Yakından baktığında, arabanın Choi Ki-tae’nin daha önce taktığı takip cihazına sahip arabası olduğunu görebiliyordu. Sürücü tarafına yaklaştığında, cam açıldı. Bir yüz belirdi ve gitmesi için bağırdı. Bu Choi Ki-tae değildi. Kaba adam öfkeyle bağırdı.

Ja-kyung sadece dışarı fırladı ve sanki çarpışmak üzereymiş gibi öndeki arabayı engelledi. Çarpıcı spor araba kaydı ve patinaj izleri bıraktı. Ja-kyung arkasını döndü ve orta parmağını salladı. Öfkeli spor araba kükredi ve onu kovalamaya başladı.

…….

“Neler oluyor?”

Sekreter bir misafirin geldiğini bildirirken yüzünde sıkıntılı bir ifade vardı ve Il-hyun şimdi bunun nedenini anlamış gibiydi. Üzerinde Genel Müdür Kang Il-hyun yazan tabelaya bakmakta olan Kim Seon-young yavaşça arkasını döndü. Evde gördüklerine kıyasla makyajı daha koyu ve kıyafetleri daha süslüydü. Kanepeye oturdu ve Il-hyun ceketini çıkarıp sekreteri çay getirmesi için çağırdı.

“Çay yok. Çay içecek kadar dostane ilişkilerimiz yok, değil mi?”

“Tamam o zaman. Sadede gel.”

“Ne yapıyorsun?”

“Açıkla ki anlayabileyim.”

“Neden Başkan Choi’ye dokunuyorsun? O kişinin kim olduğunu bilmiyor musun?”

Il-hyun gümüş kutusundan bir sigara çıkardı. Işığı yaktı ve tekrar kanepeye oturdu. Başkan Choi parayı Kim Seon-young istediği için gönderdiğini itiraf etmişti. Nedenini bilmiyordu; sadece kendisinden istendiği için yapmıştı.

İddiasını destekleyecek bir kanıt yoktu çünkü parayı alan kişiler gitmişti. Ancak, Tae-soo adamlarını gönderdiğine göre, onları yakalamaları an meselesiydi. Il-hyun yakalandıkları takdirde uzuvlarını koparmayı ve onları öldürmeyi planlıyordu.

“Ne düşünüyorsun anne?”

“Ne mi?”

“Benden çok fazla nefret etme.
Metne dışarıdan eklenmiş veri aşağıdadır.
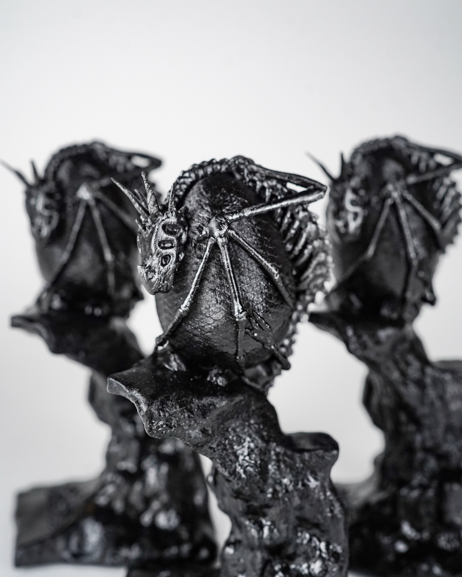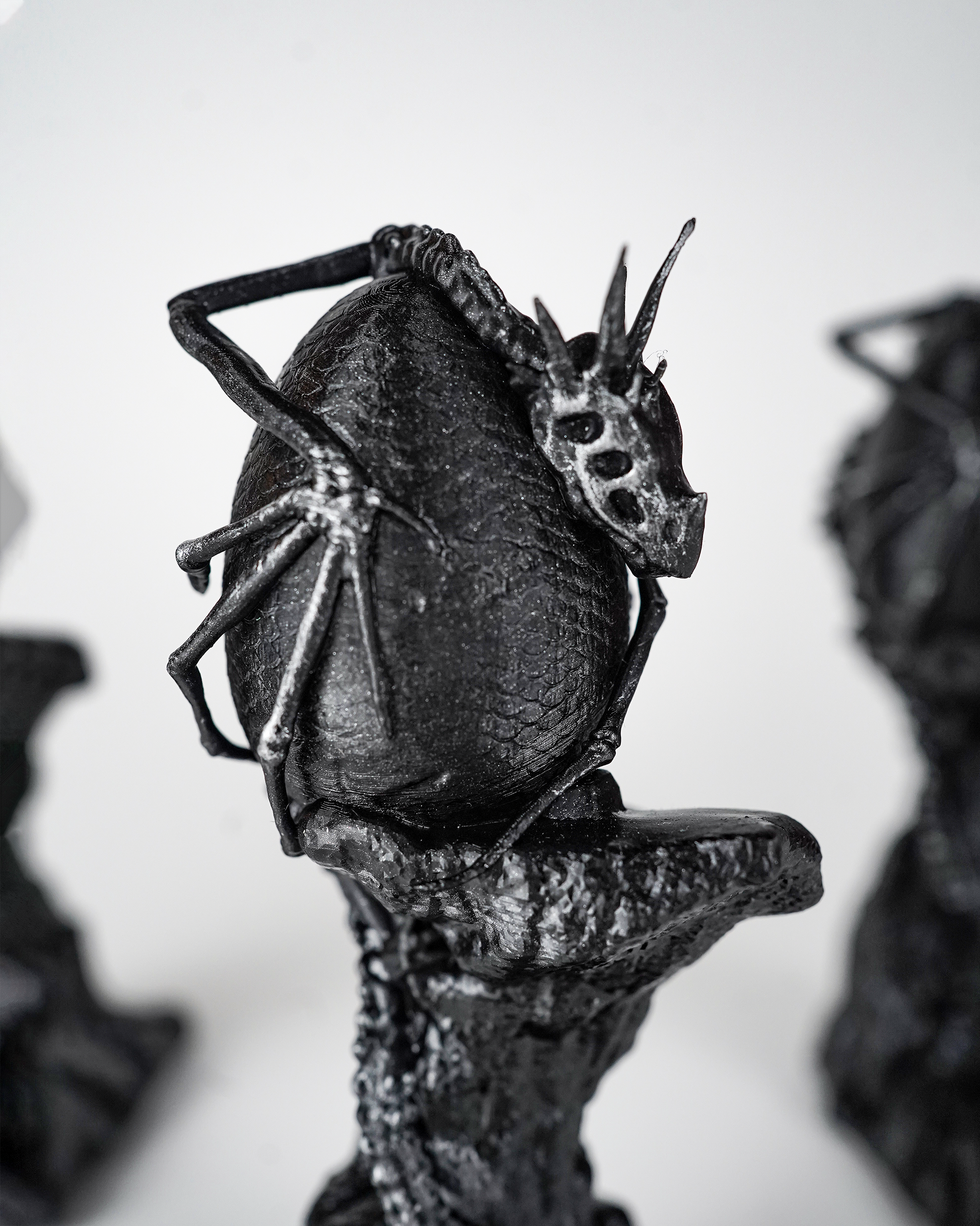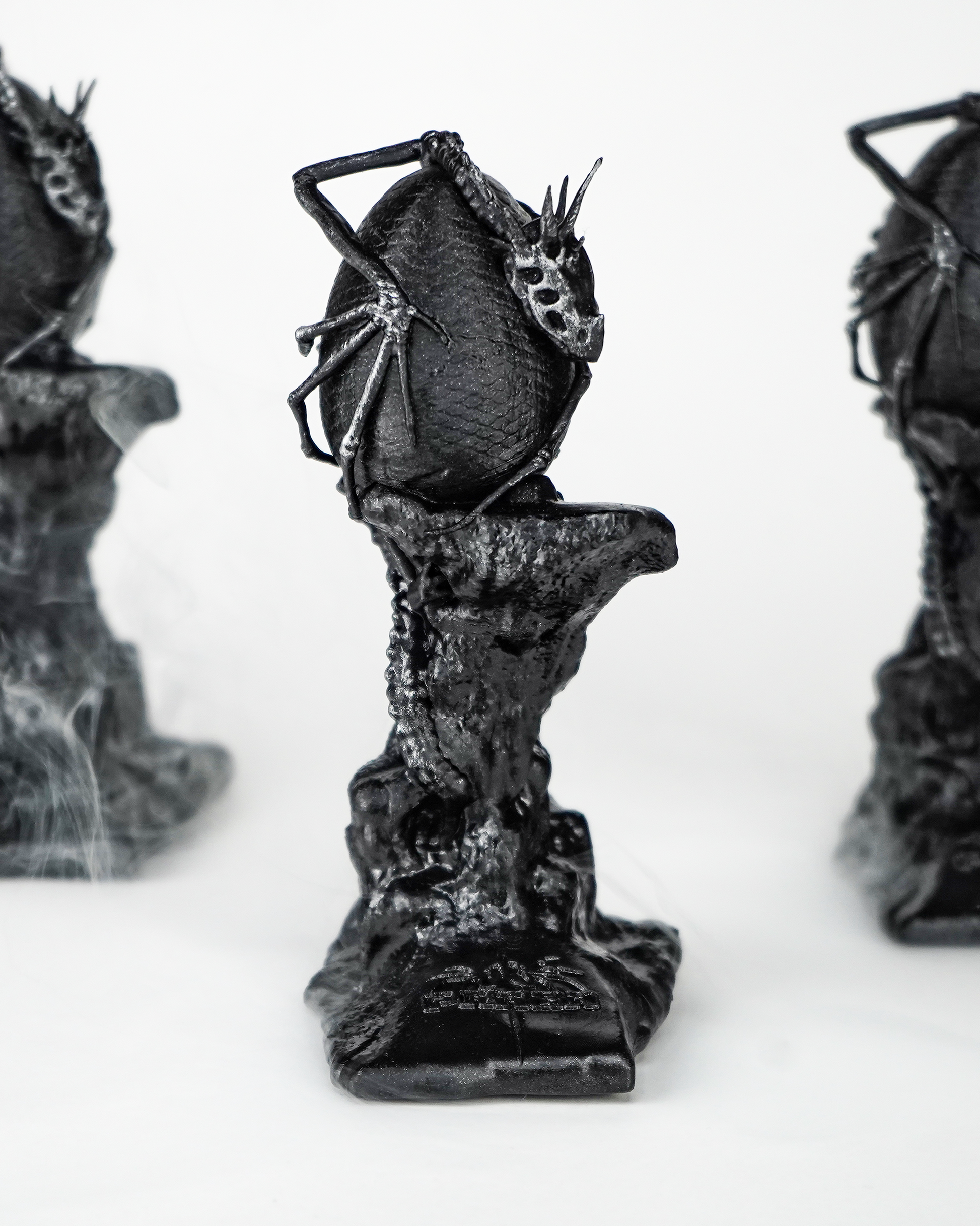 • Design: skeletal dragon wrapped around a dragon egg, mounted on rocky base

Senden hoşlanıyorum anne.”

Seon-young ona bakarken şaşkına dönmüştü. Sonra da alay etti. Şaşırtıcı olmayan bir şekilde, Kang Il-hyun’un bundan sonra söylediği şey çok kindardı.

“Açgözlüsün, kurnazsın ve bana çok benziyorsun. Ayrıca yeşil rengi de seviyorsun. Annem Seok-joo’yu ortadan kaldırsaydı seni daha çok severdim.”

Tuttuğu elinin arkasında bir damar belirdi.

“Bir yetişkine bunu mu söylemek istiyorsun?”

“Seni kötü hissettirdiyse özür dilerim. Özür dilerim.”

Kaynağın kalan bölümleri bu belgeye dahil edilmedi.